What is a cascade failure?
cascading failure is a condition of interconnected systems when one part or component failure can lead to failure in related areas of the system that spreads to the point of total system failure. There are many types of cascading failures of events that may occur in natural and artificial systems, from electrical and computer systems to political, economic and environmental systems. The field of research known as the complexity of Science is trying to define the root causes of such failures to build into guarantees that can prevent them in the future.
A common but hardly predictive type of cascading failure is the only point of failure where one component fails and the released domino effect is for the domino effect, which is for the domino effect, which is for the domino effect. An example of this took place in 1996 in the United States, when the electric lines failed in the Oregon state and caused a massive failure of the electric grid in the whole -west states of the US and Canada,that affect 4,000,000 to 10,000,000 customers. When the transfer line failed, the regional electric network caused separate transmission islands that were unable to handle increased loads, and then also failed, leading to the collapse of the whole system. A similar cascade failure occurred in the Midwest US state of Ohio in 2003, leading to the largest electric outage in American history.
cascade failure often involves multiple systems that fail as a result of a butterfly, where a seemingly very small event waved to produce much larger. An example of this is the accident of the DC-10 aircraft above Paris in France in 1974, which killed everyone on board. A later investigation into the cause of the accident revealed that the cargo bay door was not properly fastened.
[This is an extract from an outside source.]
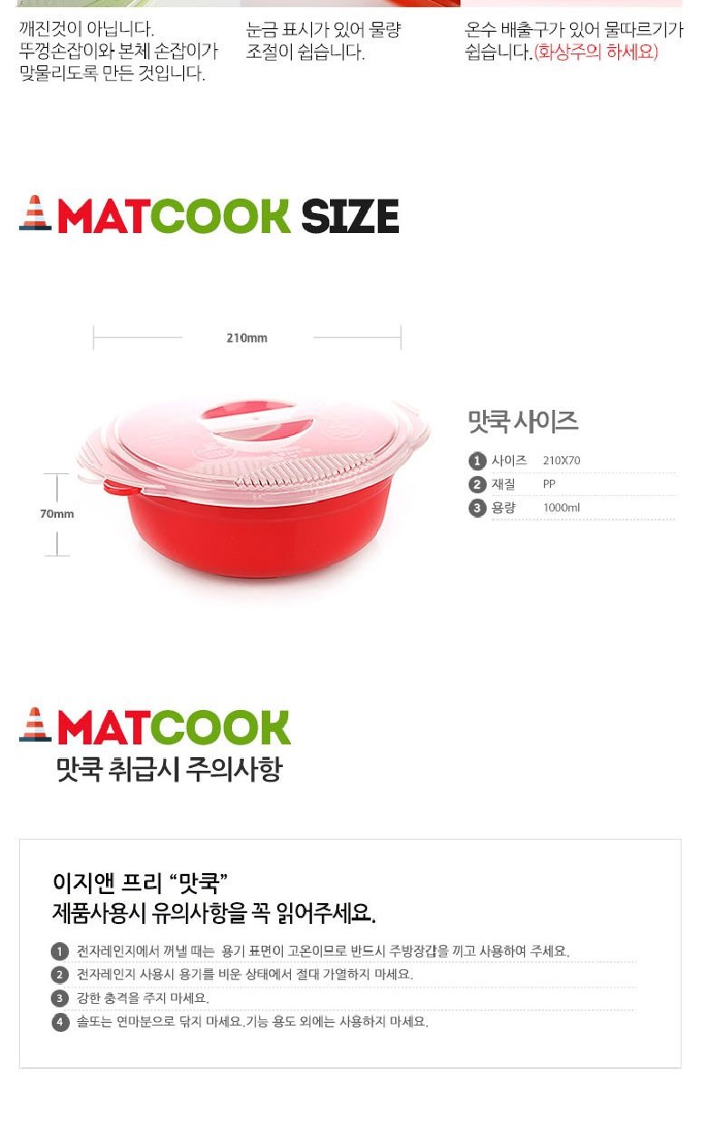 - 뚜껑 온수 배출구가 있어 편하고 빠르게 요리 가능

The man most responsible for this reputally could not read English and therefore was unable to read instructions on how to fix the door properly.
Technical design for cargo doors allowed to be closed without the latches to be fully involved. When the aircraft climbed to 13,000 feet (3,962 meters), the internal pressure caused the door to retreat and explosive decompression around the door when it discarded damaged hydraulic control in the area, causing pilots to eventually lose complete control of the aircraft. It is difficult to determine the root cause of such a cascading failure. It includes regions of education, government policy for hiring immigrants, utilities for hydraulics and avionics, and informal social support systems in the working environment.
High -voltage system power grilles are the most important example of large cascade failures of events, but failures in large systems are not rare. From traffic jams to accidents on the market or forest fires Thna At the beginning of a single spark are large systemic accidents often a direct consequence of what is known as an event of a Byzantine failure where the system fails unusualIn a way, it often continues to function and damages its environment before it turns off completely. Such events reveal the basic state of all complex systems described by chaos theories, which is a condition of sensitive dependence. It is expected that each part of the system will behave to a certain extent of parameters, and when it wanders outside this range, it can initiate a chain reaction that changes the behavior of the whole system.
Kessler's syndrome is one of the examples where science tries to get in front of the curve and predict cascade failure before it happens. Based on the theories of Donald Kessler in 1978, an American scientist working for the National Aviation and Space Administration (NASA), maps the effects of collision of objects in the low orbit of the Earth (Leo). Such precipitation during time -fuel exponential increase in the number of small particles in Leo, known as a belt of fragments, so space trips are much more risky than before. More than 500,000 pieces of debris in orbit passengers up to 17,500 miles per hour (28,64 kilometers per hour) withIt has been ice since 2011 to prevent future catastrophic collisions. The particles as small as marble could cause irreparable damage to a military or scientific spacecraft after the impact, resulting in possible death or political and ecological impacts of unforeseen dimensions.